_What to do_
The answer must be every record below, repeated exactly.
Start of Block
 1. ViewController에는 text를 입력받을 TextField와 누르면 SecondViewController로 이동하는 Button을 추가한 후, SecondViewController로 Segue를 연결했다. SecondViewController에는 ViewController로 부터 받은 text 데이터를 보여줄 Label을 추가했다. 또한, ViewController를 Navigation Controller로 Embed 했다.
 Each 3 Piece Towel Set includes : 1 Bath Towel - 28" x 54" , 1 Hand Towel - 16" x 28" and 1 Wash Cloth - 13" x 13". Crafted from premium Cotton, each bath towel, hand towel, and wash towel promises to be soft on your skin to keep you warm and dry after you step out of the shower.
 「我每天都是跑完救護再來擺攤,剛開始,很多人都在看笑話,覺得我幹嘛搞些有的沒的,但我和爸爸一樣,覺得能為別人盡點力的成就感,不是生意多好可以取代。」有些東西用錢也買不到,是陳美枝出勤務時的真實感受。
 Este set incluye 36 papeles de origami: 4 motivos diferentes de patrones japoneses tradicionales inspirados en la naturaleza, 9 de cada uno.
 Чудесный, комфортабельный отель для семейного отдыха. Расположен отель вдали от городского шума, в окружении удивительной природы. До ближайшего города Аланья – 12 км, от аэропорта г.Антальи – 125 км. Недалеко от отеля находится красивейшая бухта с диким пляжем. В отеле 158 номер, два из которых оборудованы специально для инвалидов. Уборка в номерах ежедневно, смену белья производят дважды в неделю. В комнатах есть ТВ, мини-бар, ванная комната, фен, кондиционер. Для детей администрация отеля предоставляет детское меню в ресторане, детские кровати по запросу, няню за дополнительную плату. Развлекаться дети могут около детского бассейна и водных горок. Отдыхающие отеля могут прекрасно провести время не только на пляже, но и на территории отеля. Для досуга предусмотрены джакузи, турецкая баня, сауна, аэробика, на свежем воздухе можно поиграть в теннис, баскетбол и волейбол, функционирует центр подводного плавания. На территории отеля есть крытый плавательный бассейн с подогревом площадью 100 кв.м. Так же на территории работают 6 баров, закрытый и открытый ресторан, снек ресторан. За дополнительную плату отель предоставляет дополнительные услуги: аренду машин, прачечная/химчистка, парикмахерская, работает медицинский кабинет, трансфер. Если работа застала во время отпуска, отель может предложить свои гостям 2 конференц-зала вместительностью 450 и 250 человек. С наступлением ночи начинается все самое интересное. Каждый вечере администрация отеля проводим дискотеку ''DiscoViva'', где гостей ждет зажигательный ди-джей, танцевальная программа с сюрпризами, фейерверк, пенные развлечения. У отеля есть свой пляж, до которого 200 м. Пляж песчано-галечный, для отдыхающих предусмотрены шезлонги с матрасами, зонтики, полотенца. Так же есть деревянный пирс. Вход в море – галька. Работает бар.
End of Block
_Answer_
 1. ViewController에는 text를 입력받을 TextField와 누르면 SecondViewController로 이동하는 Button을 추가한 후, SecondViewController로 Segue를 연결했다. SecondViewController에는 ViewController로 부터 받은 text 데이터를 보여줄 Label을 추가했다. 또한, ViewController를 Navigation Controller로 Embed 했다.
 Each 3 Piece Towel Set includes : 1 Bath Towel - 28" x 54" , 1 Hand Towel - 16" x 28" and 1 Wash Cloth - 13" x 13". Crafted from premium Cotton, each bath towel, hand towel, and wash towel promises to be soft on your skin to keep you warm and dry after you step out of the shower.
 「我每天都是跑完救護再來擺攤,剛開始,很多人都在看笑話,覺得我幹嘛搞些有的沒的,但我和爸爸一樣,覺得能為別人盡點力的成就感,不是生意多好可以取代。」有些東西用錢也買不到,是陳美枝出勤務時的真實感受。
 Este set incluye 36 papeles de origami: 4 motivos diferentes de patrones japoneses tradicionales inspirados en la naturaleza, 9 de cada uno.
 Чудесный, комфортабельный отель для семейного отдыха. Расположен отель вдали от городского шума, в окружении удивительной природы. До ближайшего города Аланья – 12 км, от аэропорта г.Антальи – 125 км. Недалеко от отеля находится красивейшая бухта с диким пляжем. В отеле 158 номер, два из которых оборудованы специально для инвалидов. Уборка в номерах ежедневно, смену белья производят дважды в неделю. В комнатах есть ТВ, мини-бар, ванная комната, фен, кондиционер. Для детей администрация отеля предоставляет детское меню в ресторане, детские кровати по запросу, няню за дополнительную плату. Развлекаться дети могут около детского бассейна и водных горок. Отдыхающие отеля могут прекрасно провести время не только на пляже, но и на территории отеля. Для досуга предусмотрены джакузи, турецкая баня, сауна, аэробика, на свежем воздухе можно поиграть в теннис, баскетбол и волейбол, функционирует центр подводного плавания. На территории отеля есть крытый плавательный бассейн с подогревом площадью 100 кв.м. Так же на территории работают 6 баров, закрытый и открытый ресторан, снек ресторан. За дополнительную плату отель предоставляет дополнительные услуги: аренду машин, прачечная/химчистка, парикмахерская, работает медицинский кабинет, трансфер. Если работа застала во время отпуска, отель может предложить свои гостям 2 конференц-зала вместительностью 450 и 250 человек. С наступлением ночи начинается все самое интересное. Каждый вечере администрация отеля проводим дискотеку ''DiscoViva'', где гостей ждет зажигательный ди-джей, танцевальная программа с сюрпризами, фейерверк, пенные развлечения. У отеля есть свой пляж, до которого 200 м. Пляж песчано-галечный, для отдыхающих предусмотрены шезлонги с матрасами, зонтики, полотенца. Так же есть деревянный пирс. Вход в море – галька. Работает бар.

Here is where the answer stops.